The Singing of the Dead

The Singing of the DeadOrder from Amazon:
ISBN 0-312-20957-6

I have to admit, I love this book, it’s my favorite Kate so far. Even if Kate, may god forgive me, does go to work for an election campaign.

About the Dedication

Okay, he’s got his copy, so now I’m telling.

for Carl Marrs
high-school heartthrob
long-time friend
and the man who makes things happen

Book Excerpt

“What about protection?”

“What about it?”

For the first time she allowed herself to look angry. He admired her control. “How much can you give us?”

“Darlene, you worked for the AG. You know exactly how much protection we can give you.”

Her mouth thinned. “The threats are escalating, in delivery and in degree.”

“Yes.”

“Chances are he–or she–will try to make contact.”

“Chances are he–or she–already has.”

“What do you mean?”

He shrugged. “How long has Anne been on the campaign trail? She announced in June, didn’t she?”

“Yes.”

“What day in June?”

“The sixteenth.”

“The first of those envelopes is dated June twenty-seventh.”

She thought about it. “So he’s been following her since the beginning?”

“That’d be my guess. She’s been doing the usual things politicians do, going to church in Chitina, walking the bars in Cordova, shaking hands and kissing babies and promising to throw the bums out, like they all do…If you’re that worried, if you really think Anne’s in danger…”

She didn’t move. “What?”

“What about hiring security for the campaign?”

“You mean like guards?”

“I mean like one guard.” The one he was thinking of wouldn’t need any help.

She let go of the handle, and the door hissed closed on its hydraulic hinge. “You suggesting someone in particular?”

He just looked at her, and being a well-trained law enforcement professional of intensive and lengthy experience, was able to pinpoint the exact moment when realization dawned.

Also because she said, “Oh fuck, no.”

“She knows the Park,” Jim said. “Who she isn’t related to she’s drinking buddies with.” He thought of Amanda and Chick, Bobby and Dinah, Bernie. Old Sam, the quintessential Alaskan old fart, Auntie Vi, the quintessential Alaskan old fartette.
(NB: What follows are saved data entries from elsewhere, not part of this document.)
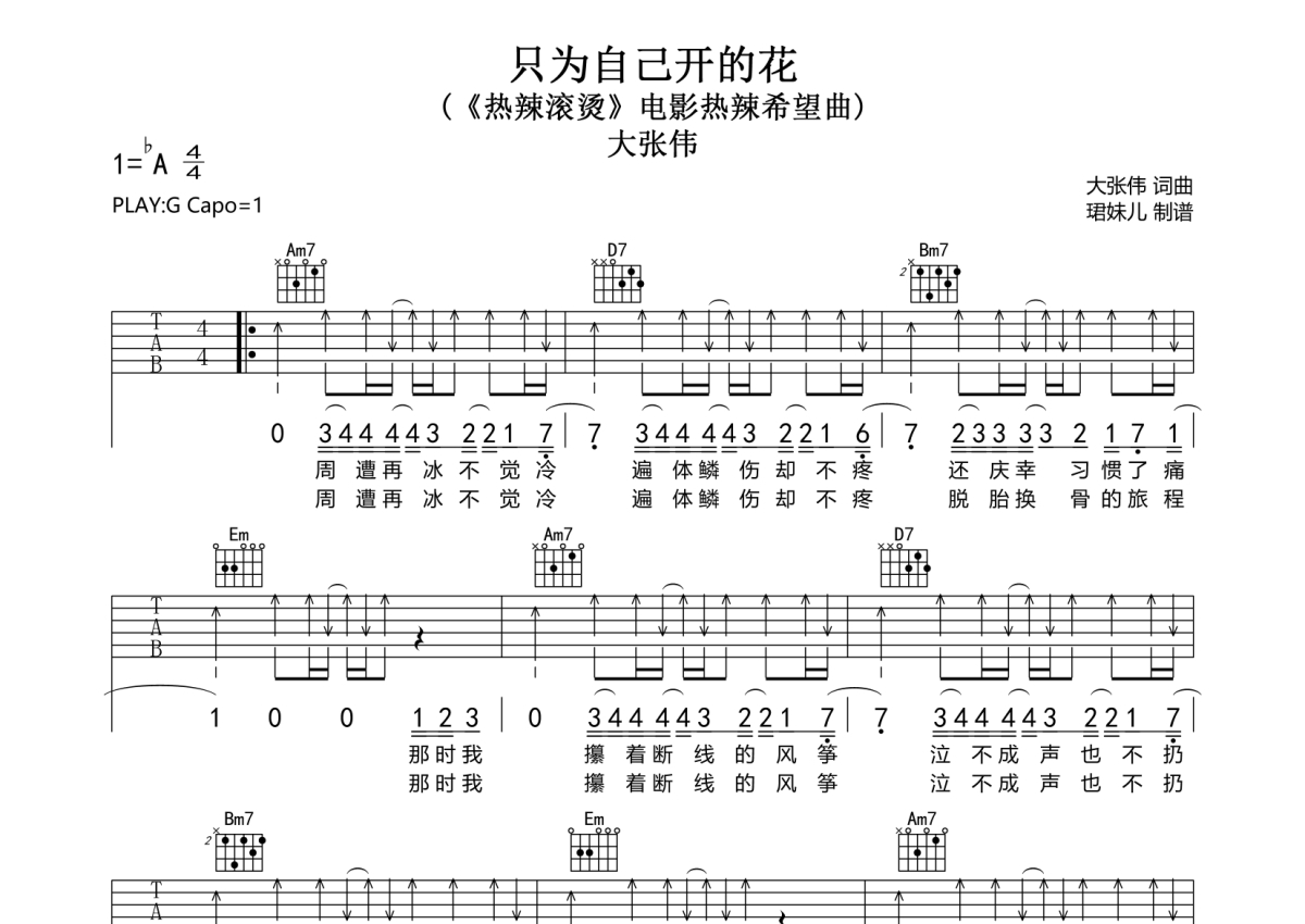 • 只为自己开的花吉他谱 - 大张伟 - G调吉他弹唱谱第1张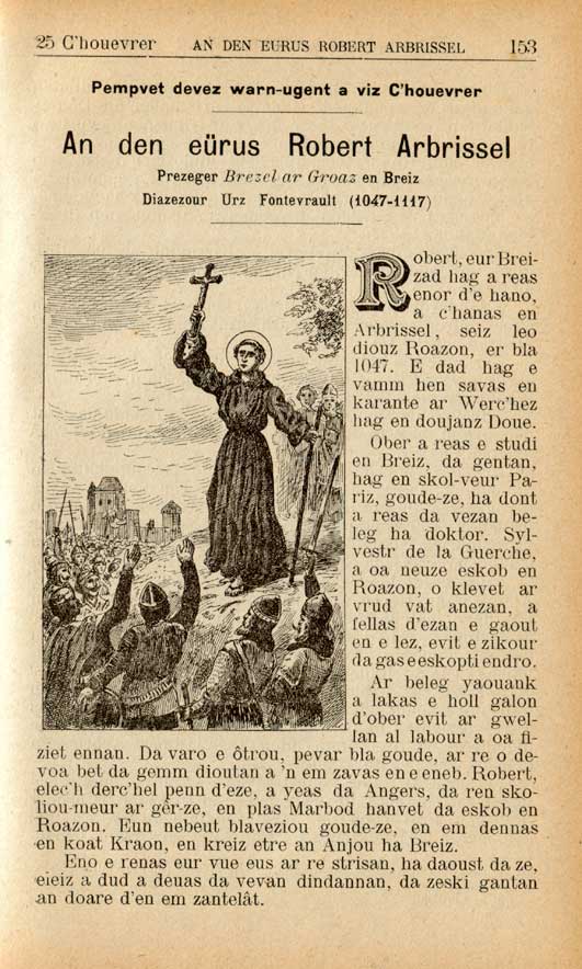 Robert, eur Breizad hag a reas enor d'e hano, a c'hanas en Arbrissel, seiz leo diouz Roazon, er bla 1047. E dad hag e vamm hen savas en karante ar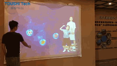 杭州萧山机器人小镇触摸布互动投影就是此技术在展览方面的一个应用案例。
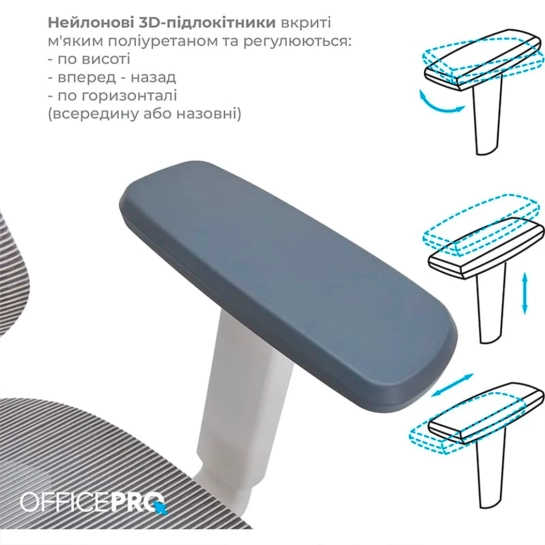 Для зручності рук передбачені нейлонові 3D підлокітники, покриті м'яким поліуретаном, що регулюються по висоті, вперед-назад та по горизонталі. Нейлонова база та прогумовані колеса розміром 60 мм забезпечують стійкість та легкість пересування.

Dan O’Brien, the only national park ranger in Alaska to survive the change of federal administrations and gain the affection if not the actual respect of Park rats. George Perry the air taxi pilot, next to whom Jim had stood on that airstrip south of Denali last September. He banished that memory the next instant, or told himself he had. “If she was a drinking kind of woman, that is.”

“Not her.”

“She’s probably related to Anne, come to that.”

Darlene’s voice rose. “Not her, Jim.”

He was surprised at her vehemence. “Who else?” he said. “She’s a teetotaler. She a local. She’s a Native. She has a reputation–”

“Oh yeah, she’s got a reputation, all right, a well-deserved one.”

“Took the words right out of my mouth.” Curious, the curse of any good cop, he went fishing. “You sound like you know her.”

She opened her mouth, met his eyes, and closed it again. “I knew her,” she said at last.

He waited hopefully. No weapon in the cop’s arsenal worked better than the expectant silence.

“We went to school together.”

He raised his eyebrows. “I didn’t know you were from Niniltna.”

“In Fairbanks. UAF.”

He gave a neutral kind of grunt, and waited again. In the ensuing stony silence, he wondered why the feud. If one person hating a second person who, so far as Jim knew, was indifferent to the first person’s existence, could be called a feud. Did Kate crib from Darlene’s test? Wear Darlene’s favorite sweater without permission? Steal Darlene’s boyfriend? It irritated him that he would like know, to add to his fund of Kate Shugak lore. Said irritation moved him to say, “Just a suggestion.”

“A bad one,” she snapped.

“No,” he said, suddenly weary. “Just a suggestion.”